The actual and potential harm caused by an offence is a significant consideration in sentencing. It would be natural to expect that drug offending carries various levels of harm, and that the nature of the drug and its quantity are relevant to assessing the harm caused by a particular offence. However, in the absence of specific legislative guidance, it may be difficult to convince a court that an offence in respect of one drug is less serious than the same offence in respect of another drug.

In Adams v R [2008] HCA 15 (23 April 2008) this argument was presented but the Court held that there was an insufficient foundation, legal or factual, for it to be considered.

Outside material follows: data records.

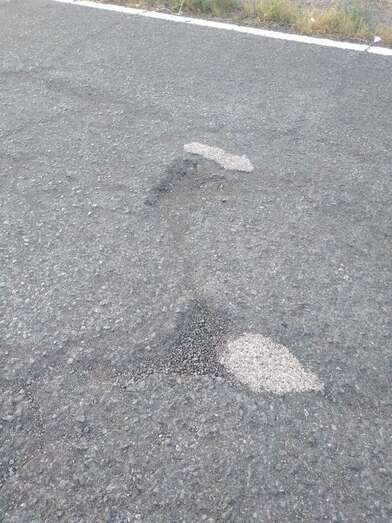 Uno de los muchos baches presentes en la carretera de Los Arenales (Foto TA)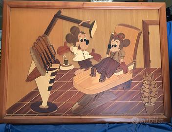 Quadro unico nel suo genere in legno patchwork, Topolino e Minnie dal dentista. Misure cm 80x 110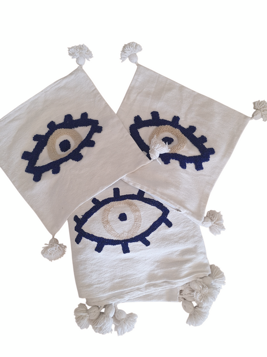 NEW - Ensemble Plaid brodé berbère + 2 housses de coussin – Modèle coloré -60%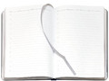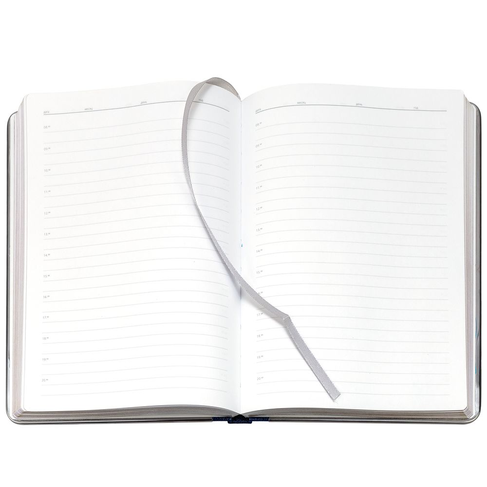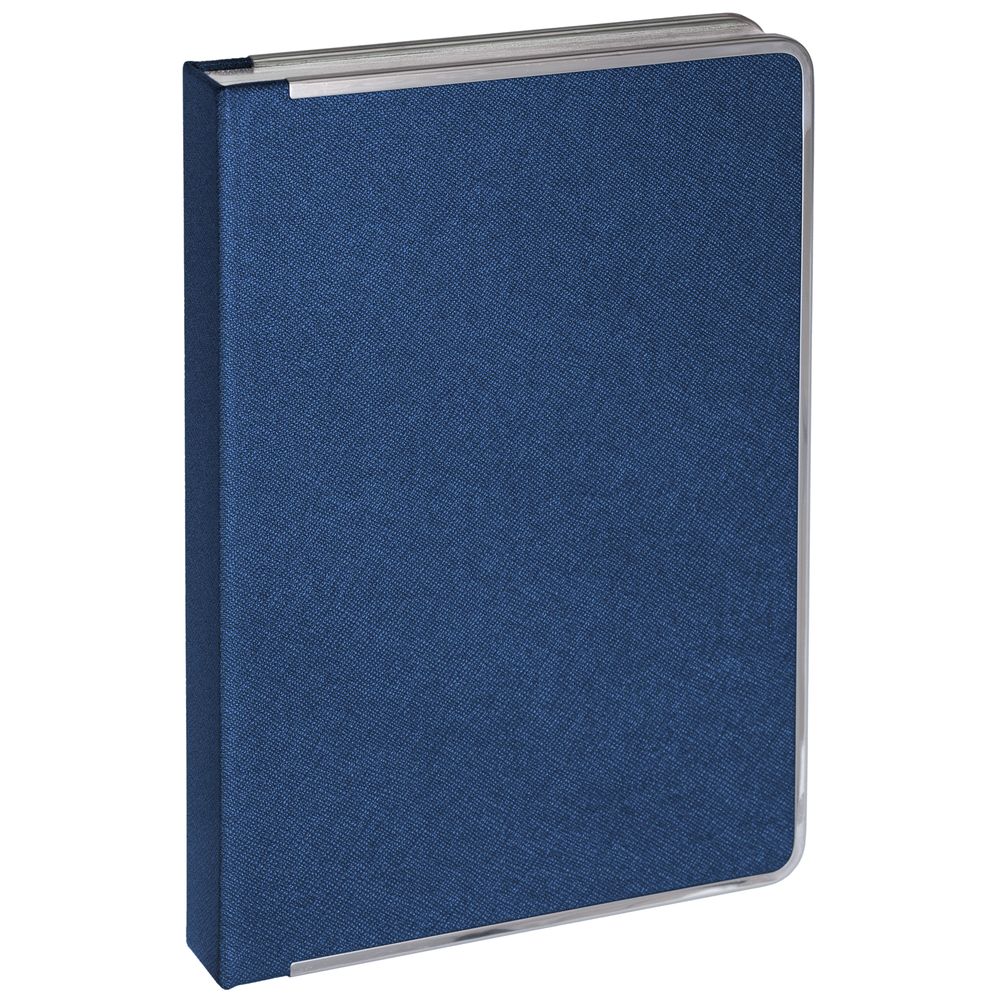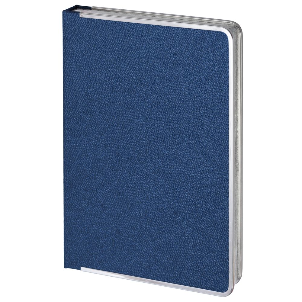 Ежедневник с твердой обложкой и серебристым обрезом, выполнен из материала Saffian, синий, дополнен серым ляссе и металлическими рамками.

Gleeson CJ, Hayne, Crennan and Kiefel JJ jointly, after a slightly inaccurate summary in para 3 (inaccurate in that the contrast between the two legislative schemes mentioned there is not as great as suggested because harm-based arguments are available under each, and the classification of MDMA in New Zealand is not as the Court was advised), observed that there are difficulties in contending that offending involving one drug in a particular category poses more or less harm than the same offending involving another drug in that category:

“[9] The appellant’s entire argument is based on the factual assertion that ‘MDMA … is less harmful to users and to society than heroin.’ The quantities in contemplation for the purposes of that comparison are unspecified. How much MDMA is being compared with how much heroin? Other aspects of the meaning of the proposition are equally unclear. Harm to users and society is a protean concept. Counsel had understandable difficulty explaining exactly what the proposition means, let alone demonstrating, by evidence available to the sentencing judge or matters of which a court could take judicial notice, that it was true. What kinds of user, and what kinds of harm to society, are under consideration? The social evils of trading in illicit drugs extend far beyond the physical consequences to individual consumers. As the Victorian Court of Appeal pointed out in R v Pidoto and O’Dea [2006] VSCA 185; (2006) 14 VR 269 at 282 [59], ‘questions arise as to whether the perniciousness of a substance is to be assessed by reference to the potential consequences of its ingestion for the user, or its effect upon the user’s behaviour and social interactions, or the overall social and economic costs to the community.’ Furthermore, in relation to some of these matters, scientific knowledge changes, and opinions differ, over time. Generalisations which seek to differentiate between the evils of the illegal trade in heroin and MDMA are to be approached with caution, and in the present case are not sustained by evidence, or material of which judicial notice can be taken.”

In New Zealand there has been some recognition of differences between drugs of the same class. In Albon v R 26/6/96, CA544/95 a scientific report was used to compare the potency of MDA with other class A controlled drugs, and in R v O’Donnell 1/8/96, CA101/96, a distinction was recognised between drugs of class A, according to whether they were addictive or non-addictive. But in R v Stanaway [1997] 3 NZLR 129; (1997) 15 CRNZ 32 (CA) it was held that the criminality must be assessed in the circumstances of each particular case and that potential for addiction may not be the predominant measure of perniciousness in the light of physical and psychological effects and other social considerations. In R v Arthur [2005] 3 NZLR 739; (2005) 21 CRNZ 453 (CA), the Court recognised, at para 13, that the distinction between the hallucinogenic and the non-hallucinogenic Class A drugs may be relevant, and for the purposes of the case recognised that methamphetamine was non-hallucinogenic.

The point made by the High Court of Australia in Adams v R is that submissions of this nature must be supported by evidence, before the court will even begin to grapple with how it should make distinctions between similar offending in respect of different drugs.